Mr. Cynical – I’ve heard those statements before…sounds like BS to me though…a way to avoid the truth of why a person chooses to move on from a situation.

Sassy Me

November 8th, 2010
9:41 am

When you meet someone who challenges you in a good way, how do you react? When I realize that the challenges are for my higher good and that there is a lesson to learn I readily face the challenge….albeit at first my natural instinct is to be stubborn but I’ve also learned sometimes I have to get out my own way.

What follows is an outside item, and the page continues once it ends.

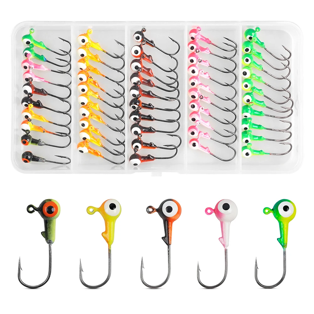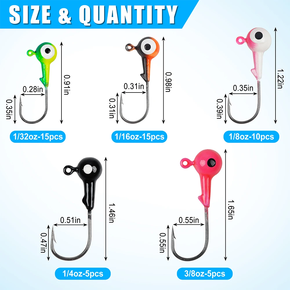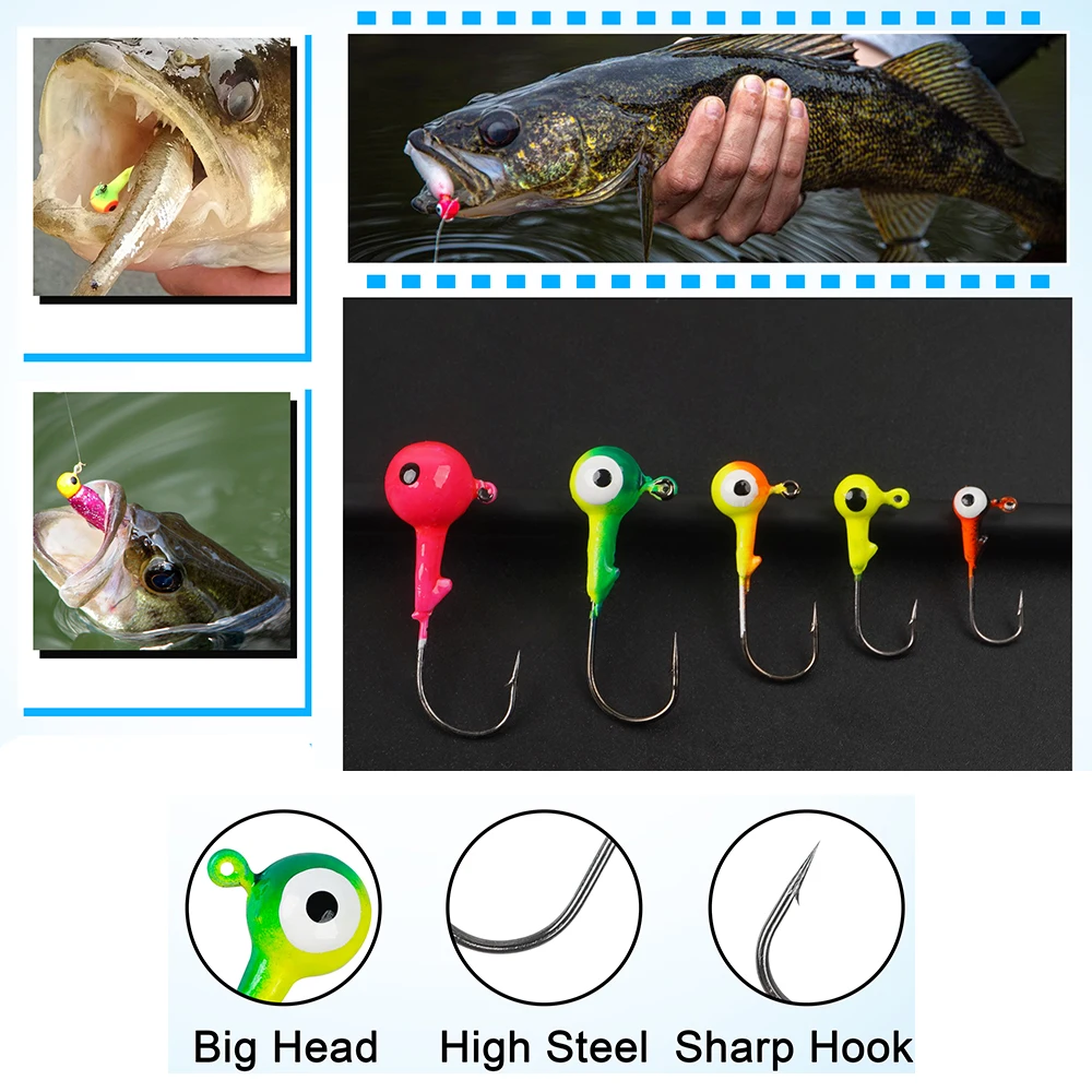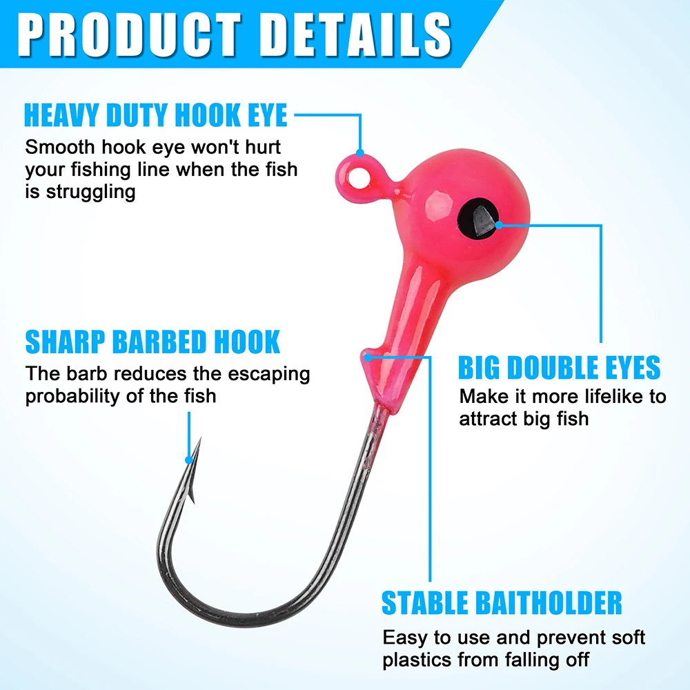 3.Las plantillas con cabeza de bola para señuelos de pesca están integradas en púas para una fácil fijación del cebo, construidas con anzuelos puntiagudos, aumentan sus posibilidades de capturar peces más grandes.(Nota: Es posible que algunos ojales estén pintados, puedes pincharlos con el gancho).

If you haven’t dated this person, do you think you may have met them and wrote them off too quickly?No and no…I’m just not in a relationship head space right now…I kinda feel like I’m in anti-relationship mode.

Purple Rain

November 8th, 2010
9:41 am

YesSheIsCute, I think an adult needs to be comfortable with themselves first and foremost. I also think that people need to not try and change another’s core, without that person wanting to change themselves.. Now what you two decide to tackle together can be a challenge and accomplishment together. If you are to be enlightened into change it should be from noticing your mates actions rather than them pointing it out to you.

Delight23

November 8th, 2010
9:42 am

The greatest time in a relationship is the dating period.You see the very best behavior in a potential mate,and then the relationship continues to spiral downward.The sex becomes a bargaining chip,the characteristics that attracted you to that person suddenly disappear.

:-( There’s that “representative” BS. Just sad.